The Taoism belief also contributes to the concept of fortune and money in society. Taoism introduces gods and goddesses if you pray and worship them, they will help you out in return. Resulting in one of the most worshipped being the god of wealth or money 财神 (chai shen). By praying to them, it is believed that you can gain more money or luck for your business.
Another cultural practice that you might be familiar with is the fish tank. In Feng Shui—the concept of energy flow—fish and water symbolize good fortune, prosperity, and wealth. Thus, putting a fish tank in the living room is believed to bring fortune to your house. Chinese restaurants around the world often do this practice. You can also call a Feng Shui expert to determine the best flow of energy in your house or establishment. He can help you decide in which room should you put the fish tank. This is so you can retrieve the maximum amount of prosperity by putting the fish tank strategically.

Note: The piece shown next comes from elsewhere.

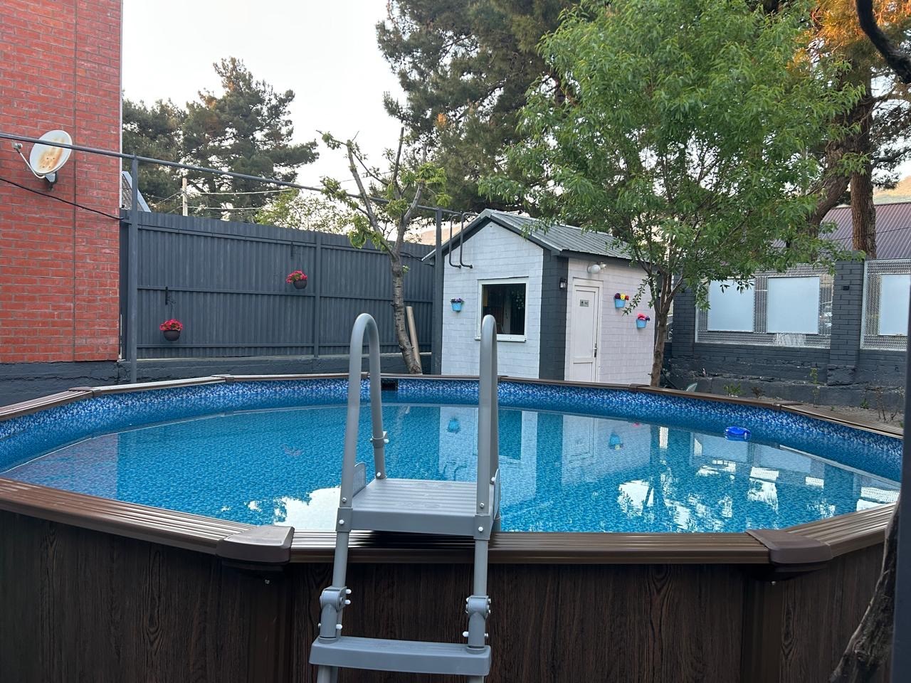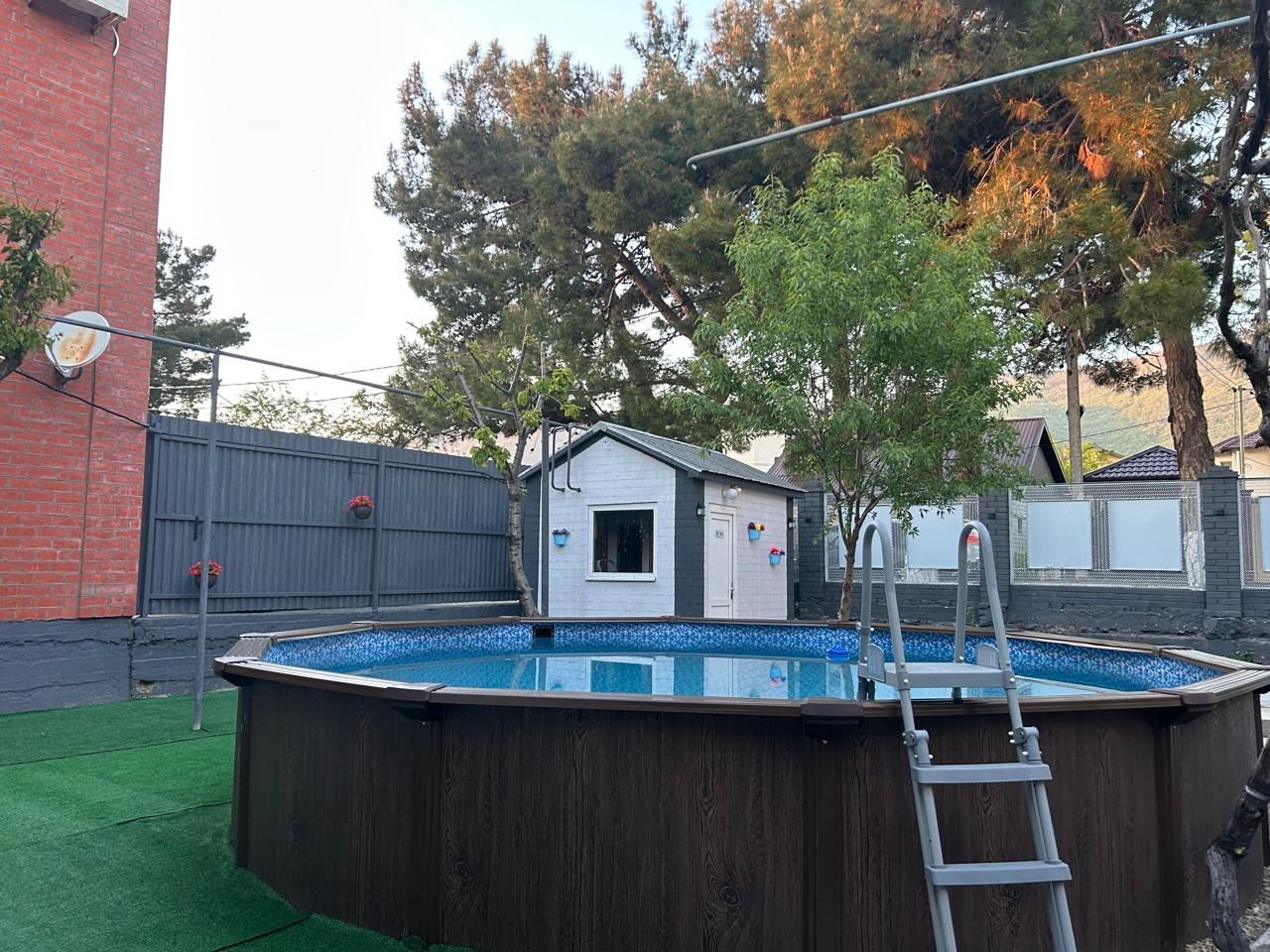 Лестница с подъемными ступенями ограничит свободный доступ в бассейн для детей.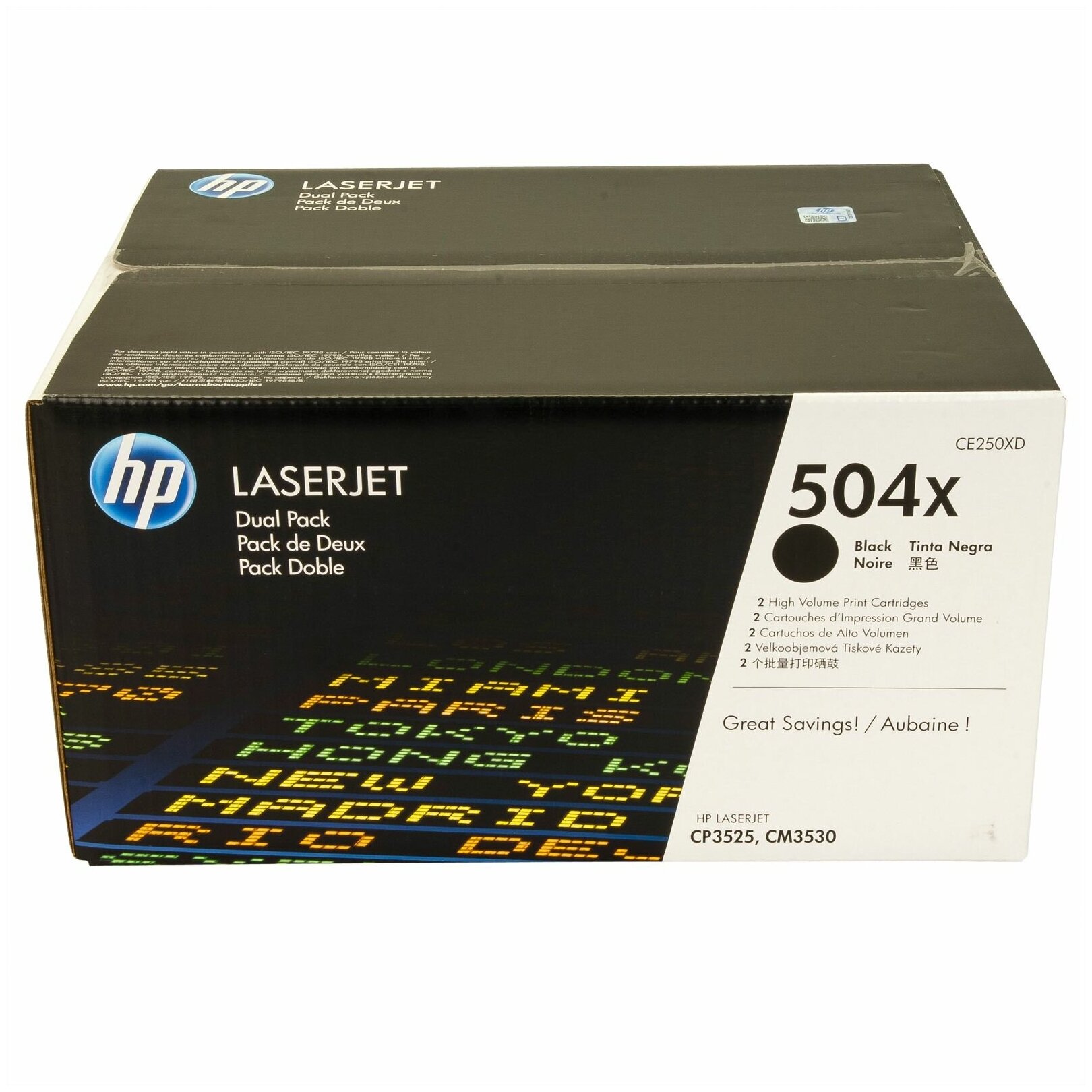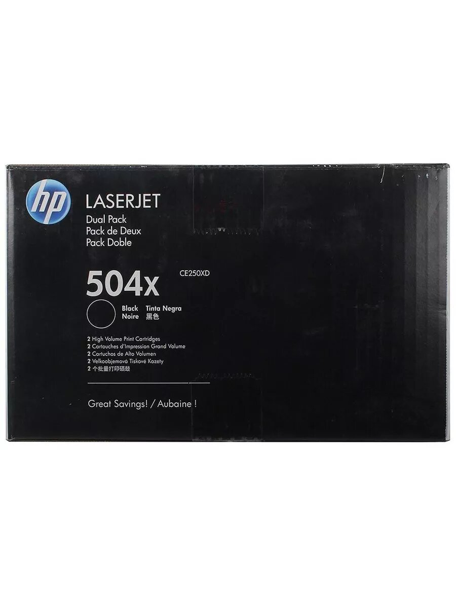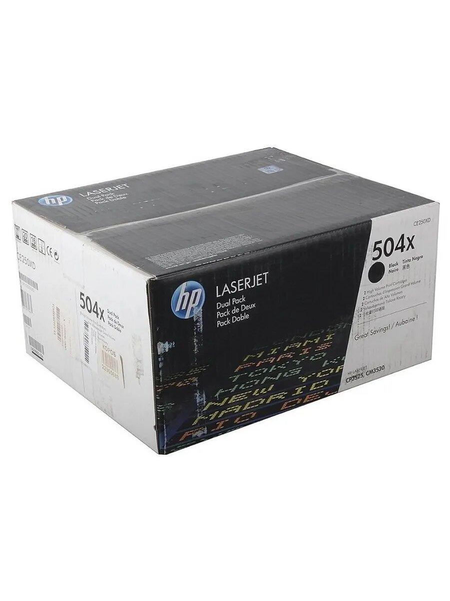 Картридж Hewlett-Packard для Color LaserJet CP3525/CM3530 (2 x 10 500 стр.) черный. Черные картриджи HP 504X LaserJet с тонером в двойной упаковке более выгодны по сравнению с отдельными картриджами, что делает печать доступнее. Сохраняйте производительность, всегда имея под рукой дополнительный картридж. Производите документы профессионального качества, которые производят впечатление. Возможности Печатайте и экономьте.

Reason 3: Economy and political history
These factors might just be the most important factor in how money influences Chinese culture.
There was a time when ⅓ of China’s population was below the poverty line. Once new leadership took over, the economy reformed and literally, China rose to a wealthy nation in one generation. This movement was under Deng Xiaoping, and one of his infamous quotes was, “To be rich is glorious.” And China is still one of the strongest economies we see today.
During that time of poverty where food was scarce and less than 10 years, your family was able to move into a more luxurious home with plenty of food to eat thanks to the better economy. With that experience, many Chinese people have a connection between money, happiness, and a stable life. The things that they cannot do before, they can do now because they have money.
The stability and safety that money provides were strongly ingrained in people’s heads during that time resulting in many Asian parents encouraging their children on certain career paths like doctors and lawyers where these jobs are stable, receive great income, and have respectable reputations.
Reason 4: China’s Trade History
The earliest record of trade in China dates back to the Qin dynasty in 2000 BC. China has been handling trade as a business ever since then and created a monetary system to support it.
At this point, the rest of the world’s civilization was nowhere near what China was doing. The creation of the Silk Road during the Han Dynasty made China the center of trading for centuries, which brought many merchants around the world to trade with each other. Later, paper money was invented along with a system of depositing—a very similar system to the modern banking system that we know, minus the machines and the internet.
For centuries, Chinese culture has understood the concept of doing business, trading, investing, and saving. Talking about money in Chinese culture is as common in daily life now as it was 2,000 years ago.
China is now the number one country in the world with the most number of billionaires. However, with such high pressure and competition to make money, it has become unbearable for some. Cities jobs have more opportunities to earn more than in rural areas, but this results in income disparity between both areas.
As living in the city with a big family would be too expensive, many parents go alone to work in the city and send money back leading to a common situation where many families only meet once or twice a year.
Despite the crucial importance of money in society, there have been significant cultural shifts that focus more on finding happiness. Money in Chinese culture will remain a crucial part, but the growing importance of happiness might just match that of money.